(EXERCISE) When you find the line with "ほぼ完全にスペインの北半分に" among the records below, reproduce it and each line after it exactly, ending with the line with "(서울=포커스뉴스) 민중을 개, 돼지로".
DATA FOR ANALYSIS START
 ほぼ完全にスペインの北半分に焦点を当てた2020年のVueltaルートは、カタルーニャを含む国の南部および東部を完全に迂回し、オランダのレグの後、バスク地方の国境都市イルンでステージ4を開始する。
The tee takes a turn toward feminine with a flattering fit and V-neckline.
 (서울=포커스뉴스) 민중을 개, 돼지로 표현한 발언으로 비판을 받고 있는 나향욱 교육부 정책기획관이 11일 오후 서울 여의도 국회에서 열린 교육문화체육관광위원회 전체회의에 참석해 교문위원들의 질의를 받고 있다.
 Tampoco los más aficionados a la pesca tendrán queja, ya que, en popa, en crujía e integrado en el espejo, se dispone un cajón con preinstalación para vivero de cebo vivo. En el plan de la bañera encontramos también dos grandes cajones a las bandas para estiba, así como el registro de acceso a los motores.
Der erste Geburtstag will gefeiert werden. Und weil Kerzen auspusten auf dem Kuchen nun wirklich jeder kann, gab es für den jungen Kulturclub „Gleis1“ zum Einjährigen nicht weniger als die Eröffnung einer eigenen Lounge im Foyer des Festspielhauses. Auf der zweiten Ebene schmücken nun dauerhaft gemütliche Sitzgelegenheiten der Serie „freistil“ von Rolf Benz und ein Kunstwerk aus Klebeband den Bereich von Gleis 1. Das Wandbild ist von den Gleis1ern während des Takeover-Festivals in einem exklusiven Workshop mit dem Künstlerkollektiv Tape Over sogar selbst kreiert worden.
DATA FOR ANALYSIS END
DATA FOR ANALYSIS START
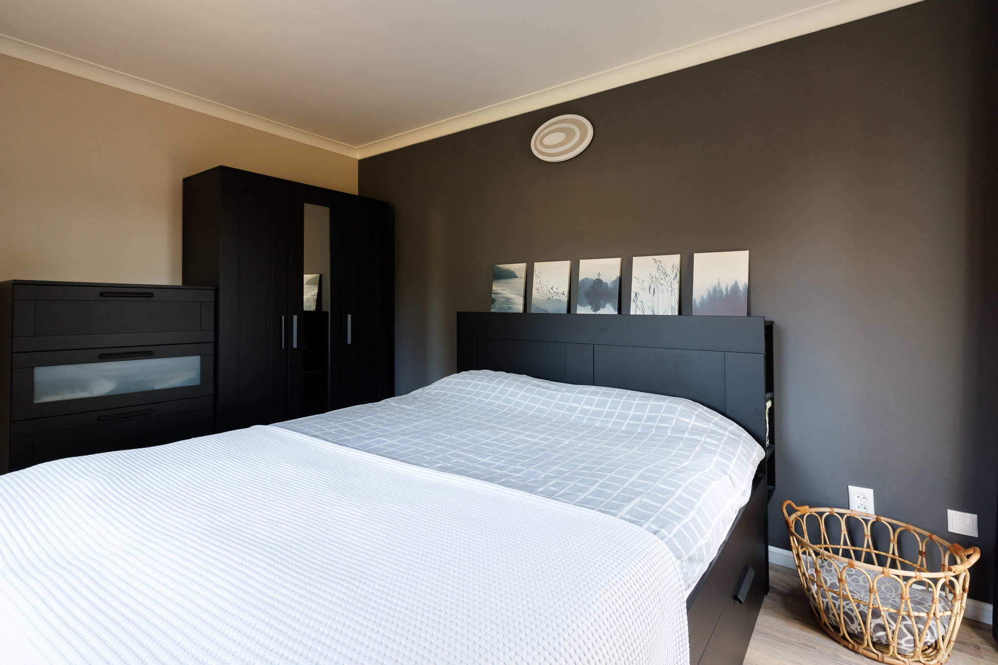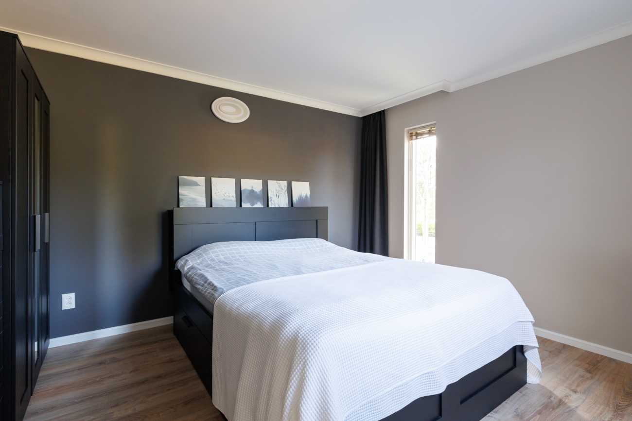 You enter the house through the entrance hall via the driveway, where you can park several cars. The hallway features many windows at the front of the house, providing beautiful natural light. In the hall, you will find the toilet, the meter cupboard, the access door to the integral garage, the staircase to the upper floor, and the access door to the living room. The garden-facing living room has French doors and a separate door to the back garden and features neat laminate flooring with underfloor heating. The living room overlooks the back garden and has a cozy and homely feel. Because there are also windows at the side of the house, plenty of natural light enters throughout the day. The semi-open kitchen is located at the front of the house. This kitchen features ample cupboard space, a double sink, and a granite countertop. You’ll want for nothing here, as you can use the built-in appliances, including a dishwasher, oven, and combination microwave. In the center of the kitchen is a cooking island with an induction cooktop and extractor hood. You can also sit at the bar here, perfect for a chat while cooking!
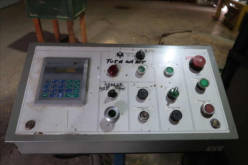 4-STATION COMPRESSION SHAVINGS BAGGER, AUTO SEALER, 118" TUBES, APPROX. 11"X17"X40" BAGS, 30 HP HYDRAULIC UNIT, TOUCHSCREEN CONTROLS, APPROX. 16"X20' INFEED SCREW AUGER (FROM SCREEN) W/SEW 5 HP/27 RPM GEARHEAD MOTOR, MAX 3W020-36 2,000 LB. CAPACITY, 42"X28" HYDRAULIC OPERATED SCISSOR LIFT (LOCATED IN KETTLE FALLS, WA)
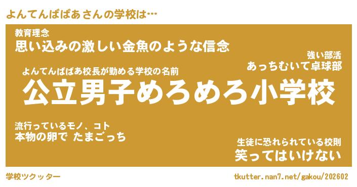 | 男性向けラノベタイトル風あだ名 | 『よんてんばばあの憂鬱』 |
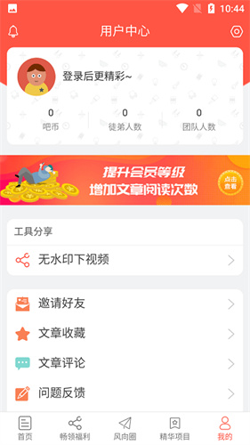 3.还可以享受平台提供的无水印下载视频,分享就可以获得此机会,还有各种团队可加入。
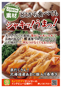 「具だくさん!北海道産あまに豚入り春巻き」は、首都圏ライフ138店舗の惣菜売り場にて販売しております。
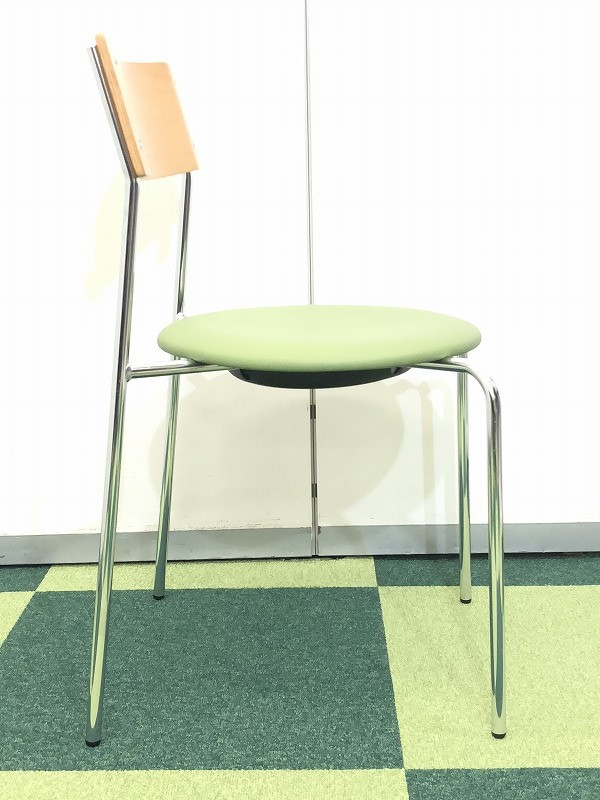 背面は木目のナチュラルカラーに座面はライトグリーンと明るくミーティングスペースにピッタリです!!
DATA FOR ANALYSIS END
DATA FOR ANALYSIS START
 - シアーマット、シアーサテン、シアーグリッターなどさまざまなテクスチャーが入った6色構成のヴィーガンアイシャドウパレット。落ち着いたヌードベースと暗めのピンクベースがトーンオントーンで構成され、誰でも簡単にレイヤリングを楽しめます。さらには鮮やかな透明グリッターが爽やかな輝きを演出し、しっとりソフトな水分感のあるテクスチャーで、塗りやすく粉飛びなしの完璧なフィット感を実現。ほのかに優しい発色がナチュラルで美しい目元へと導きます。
DATA FOR ANALYSIS END
(SOLUTION)
 ほぼ完全にスペインの北半分に焦点を当てた2020年のVueltaルートは、カタルーニャを含む国の南部および東部を完全に迂回し、オランダのレグの後、バスク地方の国境都市イルンでステージ4を開始する。
The tee takes a turn toward feminine with a flattering fit and V-neckline.
 (서울=포커스뉴스) 민중을 개, 돼지로 표현한 발언으로 비판을 받고 있는 나향욱 교육부 정책기획관이 11일 오후 서울 여의도 국회에서 열린 교육문화체육관광위원회 전체회의에 참석해 교문위원들의 질의를 받고 있다.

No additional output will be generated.